Though it's too verbose to list the whole output we can summarize the fully expanded bundle as follows

In [6]:
from collections import Counter

class bundleExpander:
    
    def __init__(self):
        self.typeCounter = Counter()
        
    def expand(self, node):
        if 'contents' in node:
            self.typeCounter[node['name'][:3]] +=1
            for subnode in node['contents']:
                self.expand(subnode)
        else:
            # the bottom of the hierarchy is a file, so we'll count the file types
            self.typeCounter[node['name'][-3:]] +=1
            
        return(self.typeCounter)

e = bundleExpander()
counter = e.expand(drsRes)

for k,v in counter.items():
    print(k,v)

SRP 1
SRX 5070
SRR 5070
bam 10140
bai 2173


We have a bundle with 1 Project, 5070 experiments, 5070 runs, 10140 bam files and 2173 bam indexes

In [7]:
expts_with_multiple_runs = 0
for sr_experiment in drsRes['contents']:
    # find any experiments with more than one run
    if len(sr_experiment['contents']) > 1:
        expts_with_multiple_runs += 1
        print(sr_experiment)
print ("No of experiments with more than one run: {}".format(expts_with_multiple_runs))

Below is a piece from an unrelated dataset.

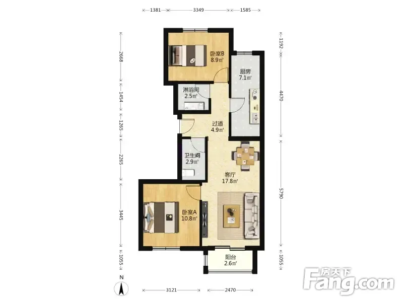 户型齐全,主打双阳台,主卧朝南二居

No of experiments with more than one run: 0


### In conclusion

* If bundles are  to be used (not confirmed) then bundle expansion is a useful capability
* The value of that capability would be greatest if expansion were to go to the file (binary object) level. It would help to confirm that was the intent of the spec. 
* Expanding bundles may not scale well. The SRA server is helpful in providing a working example. It has been suggested that the option should be provided for a server to respond indicating that expansion is not permitted for a given id.